Bagian 10

374 49 7
                                    

Youn1t Fanfiction

Happy Reading

Didalam kamar bernuansa putih itu, ia menyandarkan tubuhnya pada pintu yang baru saja ia tutup. Ia menangis terisak, dadanya sesak tatkala mengingat percakapannya dengan Gilang. Sebenarnya ada apa dengan Shandy dan Farhan sampai harus ia menjauhinya.

Sepertinya kedua pemuda itu tidak ada tanda-tanda orang yang ingin berbuat jahat, tetapi mengapa sang Bunda dan Kakaknya mengatakan jika harus menjauhi keduanya?

Mengapa Tuhan mempermainkan takdir seperti ini? Ia lelah, ia hanya ingin berteman. Apa salahnya dengan teman baru dalam hidupnya?

"Tuhan, mengapa? Mengapa harus seperti ini?"

Tiba-tiba darah segar mengalir dari hidungnya, ia mencoba bangkit sambil berpegangan pada dinding. Tangannya bergetar berusaha menahan sakit pada kepalanya, ia terus menangis tanpa henti. Andai saja Tuhan ambil nyawanya sekarang, apakah hidupnya akan lebih damai lagi?

Mencari obat yang seharusnya ia letakkan pada laci kamarnya, tetapi mengapa ia tak menemukan satupun botol itu. Bahkan sedari tadi ia tak menyadari bahwa ponselnya terus menerus bergetar dari saku celananya.

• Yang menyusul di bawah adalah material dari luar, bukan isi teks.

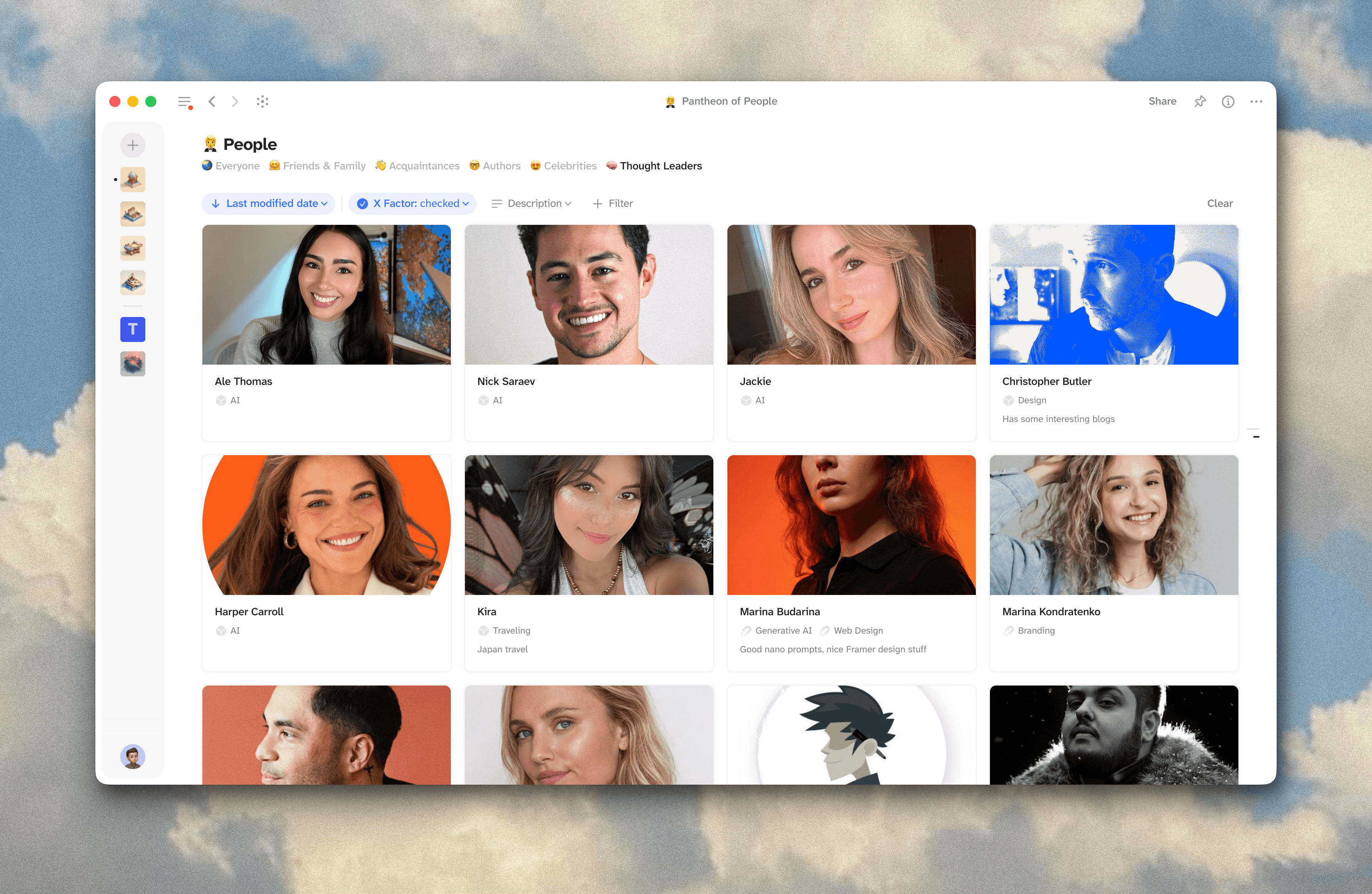 The Pantheon of People is my personal CRM for people I find inspiring. Designers whose work I want to follow, thinkers whose ideas keep showing up in my reading, friends and family with birthdays and notes. It links back into Atlas whenever someone's work connects to a domain or insight.

Fenly menatap tas kecil yang ia bawa saat pergi, berjalan pelan sambil terus memegangi kepalanya yang berdenyut kencang. Ia bisa bernapas lega saat menemukan apa yang ia cari, mengambil dua butir obat dan memakannya. Kemudian ia terduduk pada karpet empuk disamping ranjangnya dan menyandarkan punggungnya sejenak sebelum akhirnya ia membuka ponsel itu.

Membuka sebuah pesan singkat dari para sahabatnya yang menanyakan kabar darinya dan tanpa berniat untuk membalasnya. Ia terlalu lelah hari ini, rasa kantuk itu datang tanpa bisa ia cegah sebelum akhirnya terlelap dalam keadaan terduduk dengan wajah yang menangis dan hidung yang masih berdarah.

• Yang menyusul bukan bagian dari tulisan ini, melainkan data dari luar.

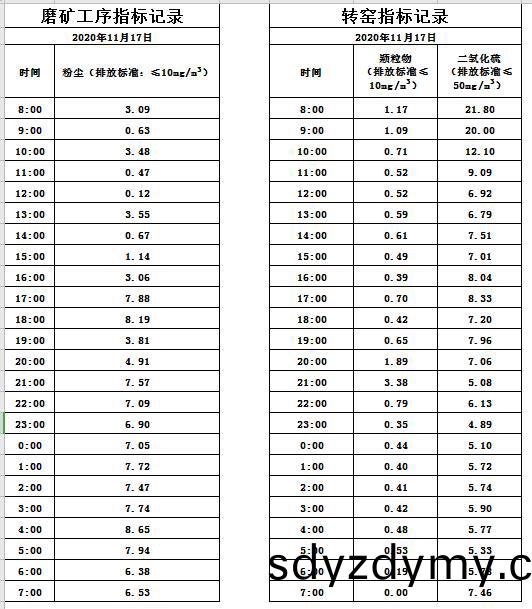 山東道恩鈦(tai)業(ye)股份(fen)有(you)限公(gong)司(si)2020年11月(yue)17磨鑛(kuang)工序煙氣(qi)及(ji)轉窰煙氣指標(biao)數(shu)據:

Keesokan paginya saat sang Bunda membuka pintu kamar Fenly, ia terkejut pada apa yang ia lihat. Darah kering itu berceceran dilantai kamar Fenly dengan keadaan kamar yang sangat kacau. Beberapa lembar tugas berserakan dengan Fenly yang tertidur dikarpet.

"Astaghfirullah Fenly, bangun nak. Kamu kenapa?" Tanya sang Bunda panik sambil menepuk pelan pipi Fenly.

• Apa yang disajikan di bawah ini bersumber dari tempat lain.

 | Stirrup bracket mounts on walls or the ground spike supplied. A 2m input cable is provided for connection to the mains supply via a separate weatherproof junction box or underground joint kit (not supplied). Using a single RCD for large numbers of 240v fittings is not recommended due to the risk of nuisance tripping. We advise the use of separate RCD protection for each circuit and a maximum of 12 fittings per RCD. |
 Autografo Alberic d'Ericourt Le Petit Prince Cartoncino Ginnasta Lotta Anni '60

Wanita paruh baya itu mengambil handuk bersih dari kamar mandi, lalu mengelap dengan perlahan wajah Fenly yang penuh darah. Hatinya teriris melihat Fenly dengan kondisi seperti ini, terlebih wajahnya yang pucat. Apakah dari kemarin putranya ini tak ada yang menolongnya?

"Fen, bangun nak. Jangan buat Bunda khawatir, Bunda takut, Fen." Katanya sambil mengusap pelan surainya.

"Bun-da." Ucapnya terbata, pandangannya masih buram. Ia menyesuaikan cahaya yang masuk pada kelopak matanya.

"Fen, Bunda bantu yuk. Kamu bangun dulu nak." Ia menuruti ucapan sang Bunda. Apalagi saat merasakan bagaimana nyeri punggungnya saat digerakkan.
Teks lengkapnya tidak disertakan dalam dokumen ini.